In their Pastoral Letter on Stewardship, a Disciple’s Response, the U.S. bishops state:
The Christian steward is one who receives God’s gifts gratefully, cherishes and tends them in a responsible and accountable manner, shares them in justice and love with others, and returns them with increase to the Lord.
Stewardship involves all of life
While pastors and others usually only speak of stewardship in terms of Time, Talent and Treasure, the truth is that stewardship involves all of life – body, mind and spirit, our material possessions, friendships, etc. All we are and have is a gift from our Creator for us to use wisely to build up God’s kingdom here on earth.

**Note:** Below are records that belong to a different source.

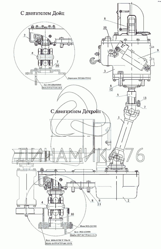 Перечень комплектующих от ВОМ передний на МТЗ-2522
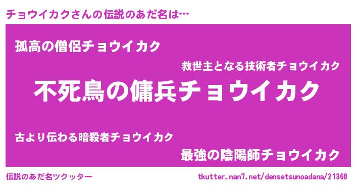 | ヒーロー風カッコイイあだ名 | 『スーパーチョウイカク』『暗黒騎士チョ』 |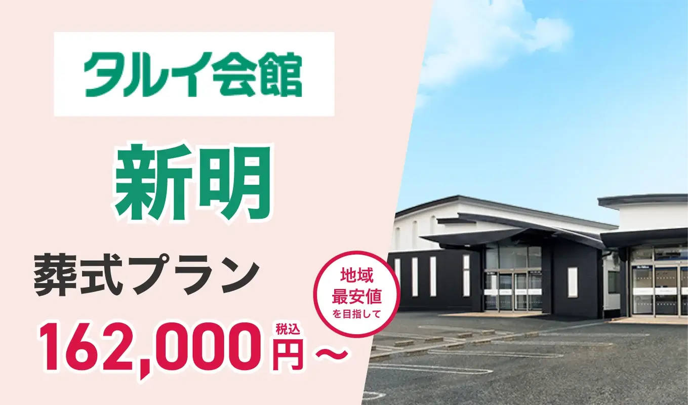 「タルイ会館 新明」は明石市新明町にある葬儀場です。明石市周辺地域で半世紀以上にわたり、葬儀・家族葬をお手伝いしてきました。事前相談から葬儀の打ち合わせ、当日、相続などや遺品整理のアフターサービスまで全てプロのスタッフにお任せください。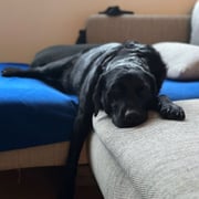 Zuhause ist er gechillt, verschmust und ein richtiges Kuschelmonster mit Gross und Klein.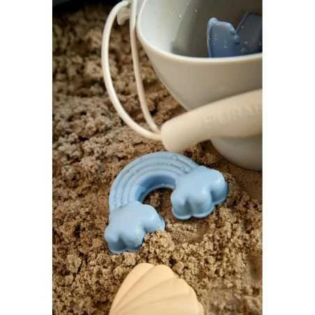 Hiekkalelusettiin kuuluu 5 söpöä hiekkamuottia, lapio, ämpäri ja kätevä kansi, joka on samalla frisbee. Muoteissa seikkailevat meritähti, sydän, sateenkaari, simpukka ja pikku kilppari. Rantalelujen silikonimateriaali on erittäin kestävää, joten Filibabba Hiekkalelusetillä lapsesi leikkii kesästä kesään.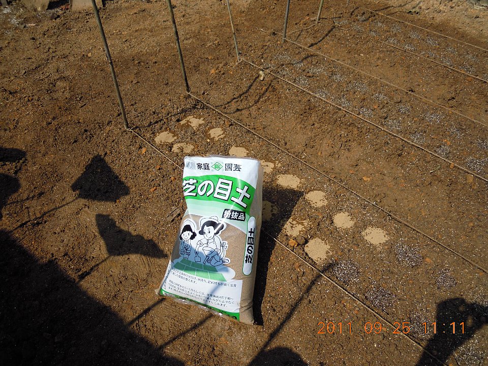 種を蒔いた上にかける土は「芝の目土」を使いました。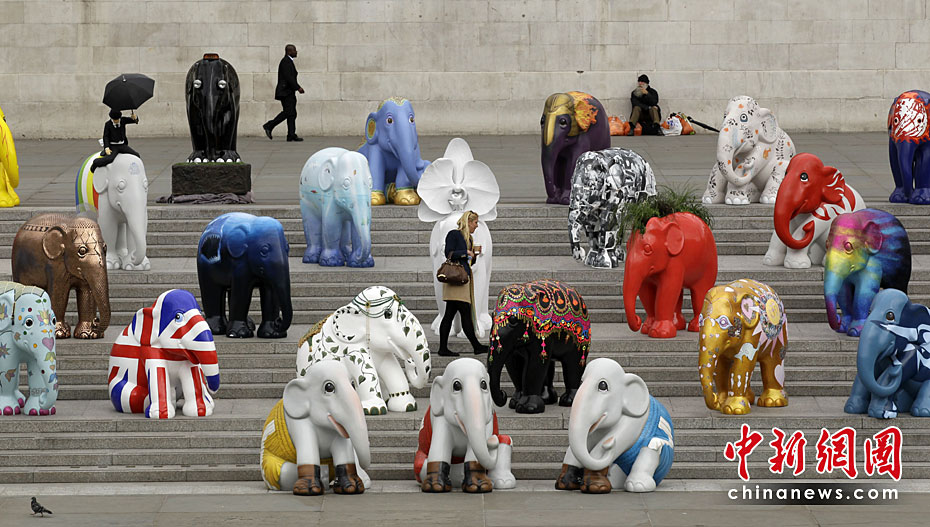 5月4日,2010年倫敦大象游行活動(dòng)當(dāng)日在特拉法爾加廣場(chǎng)啟動(dòng)。260個(gè)真象大小的彩繪雕塑將在倫敦各處展出,并將于6月30日拍賣(mài)為慈善組織籌款。圖片來(lái)源:中國(guó)新聞網(wǎng)

Time is a very precious gift. Most of us feel we don’t have enough time for all the things we want to do. Everyone is given the same amount of time: 24 hours each day, 168 hours each week. The question is: How do we choose to use our time? Henry David Thoreau once said:
“It is not enough to be busy, so are ants.
The question is what are we busy about?”
All of us have been blessed with various talents, whether we are aware of it or not, or whether we have developed our talents or not. Of course, it is usually not possible to develop all of our talents. But, ideally, we can and should develop some of them and use them wisely to bless the communities we belong to.
To find out ways you can share your Time and Talent with your church family, contact our Volunteer Coordinator, Monica Sutton at: firstname.lastname@example.org.
There are over 2,300 verses in the Bible about money, possessions and the right use of them. Why is this? Perhaps because God knows our propensity to misuse money or allow it to distract us from keeping our eyes on him.
Tithing. When it comes to financial support of our church family, the biblical ideal is a tithe—or 10%—of one’s income. Our Catholic Church leaders suggest giving 5% to church and 5% to charity. Most Catholics who tithe reach this ideal gradually. In this area of stewardship, one of the most important steps to consider is to become an ‘intentional giver’—as opposed to a ‘loose change giver.’ An intentional giver is one who has the willing diligence to ‘do the math,’ that is, to look at his/her annual income and then prayerfully and intentionally decide what percentage should be set aside for the support of the church and for charity.
Five reasons to be serious and generous with our financial resources
Parish tithe. Our parish seeks to practice what we preach in this area of the Gospel. This past fiscal year, we gave $117,000 from our offertory collections to charities in our local area and abroad.
Generous and loving God,
You call us to be disciples of your Son Jesus
and good stewards of your many gifts.
Open our minds and hearts to a greater awareness
and deeper appreciation of your countless blessings.
Transform us through the power of your Spirit
to nurture a stewardship way of life
marked by faith-filled prayer,
service to our neighbor, and generous sharing.
Teach us to be faithful servants of your gifts.
With Mary’s help, may we return ten-fold
the gifts entrusted to us.
We pray thorough Christ our Lord. Amen.
-Bishop Robert Morneau
Parish Finance Committee
Our Finance Committee meets on a regular basis to oversee our annual budget and to help us to be good stewards of parishioners’ donations to the parish.